Of course, there's more to the Internet than just the World Wide Web---maybe Dexter prefered using a terminal-/text-based newsgroup reader and email program...
I didn't get my first computer until 1995, BTW. Which makes this 10 years of at-home Internet usage, hooray for me! (First used the web in either '94 or '95, via computer courses/labs at college).
-B.
Psycho Fox
01-11-2005, 10:34 PM
Also perhaps the fact that the Internet then was still a "novelty" for most Americans (even with the rapid growth of the World Wide Web), and that movies of the time such as (the dreadful) "The Net" showed computer "hackers" as always using text-based commands/terminals...

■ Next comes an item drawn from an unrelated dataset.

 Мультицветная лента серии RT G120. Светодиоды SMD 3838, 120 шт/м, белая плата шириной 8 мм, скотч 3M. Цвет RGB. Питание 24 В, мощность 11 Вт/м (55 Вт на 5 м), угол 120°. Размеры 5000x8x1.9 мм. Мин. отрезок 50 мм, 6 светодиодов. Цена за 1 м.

To this day hackers still use terminals alot, this is due to bulk of servers and super computers (that are the big scores) still to this day having no desktop running to save resources plus for the ones with a desktop it is still better to go for terminals since it means the hacker can work faster without having to download the target desktop.
Then there is simplicity, all a hacker needs is the administrator doing a trace while the hackers desktop has bombed and still holding onto the connection.
UmmYeahOk
01-12-2005, 02:44 PM
I never thought about it because despite what I had, public schools didnt even have Win 3.1 till 1997. Which also means that not only was the internet already a well used thing by 97, but windows 95 had been out for atleast 3 years!

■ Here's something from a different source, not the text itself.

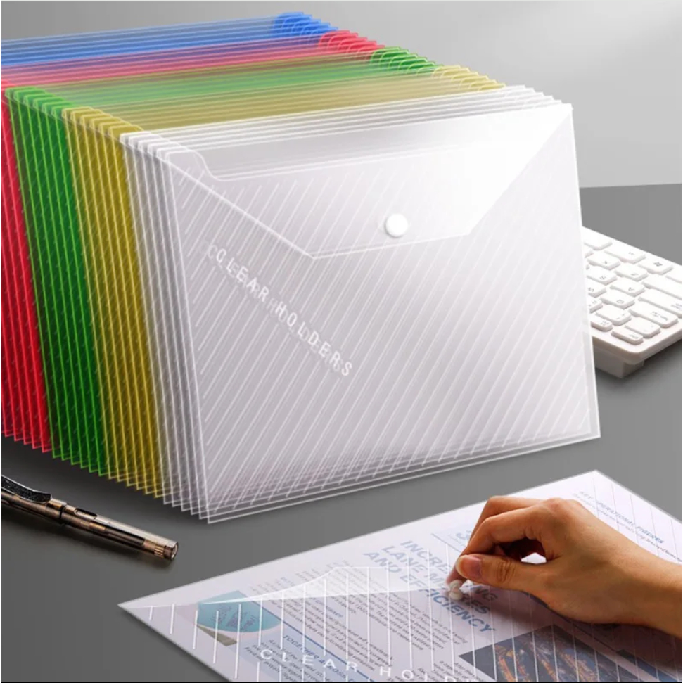 Kit 10/20/30 Pastas de Envelope com Botão Ofício/A4 Acp Transparente

Perhaps Dexter lives in a crappy commnity behind in the times. Rather than order a chip off line. One had to either order from a magazine or find a computer store that actually sold these things... ...if their town had one.... Why theres still some people out there that dont know what an mp3 is! People in my town
Sparticus
01-12-2005, 04:47 PM
I never thought about it because despite what I had, public schools didnt even have Win 3.1 till 1997. Which also means that not only was the internet already a well used thing by 97, but windows 95 had been out for at least 3 years!
Hmmm... now that I think about it, I was still using an old dinosaur DOS based deelie up until about '93 or '94, and didn't even get on the net untill we got a PacBell with 3.1 on it. So the timeframe isn't THAT off, it's more based on the average family computer at the time, I think. Heck, the only reason I HAD a computer at the time was that dad used it for work and he let me type up homework and stuff on it.
I was like the only kid in town with a computer at home, most of the people I knew had only been exposed to the school Mac's and most of those computers were still IIE's.
UmmYeahOk
01-13-2005, 12:05 PM
Though we had a Packard Bell in 92, we only got it because everyone else had one, it it was a symbol of progress and success. If you handed in a 5th grade paper off a dot matrix spreedsheet printer, you were cooler than someone who used a typewriter. Even before Win 3.1 we had some sort of GUI software (cant remember what it was) All I remember was it was lame, and DOS was still in. After all, before the schools got Win 3.1 they also had some sort of lame fake GUI.
Well, you must understand that Dexter is suppost to represent the average geeky nerd of that time. If you will recall the 80s wargames, thats what computers were basically like until GUIs. The nerds I knew and know had computers during the times of Wargames. Their games were lame text adventures since again, DOS was all they had. I didnt even SEE a computer till 1989. So these geeks were WAY ahead of us. Dexter had the technology of a newbie.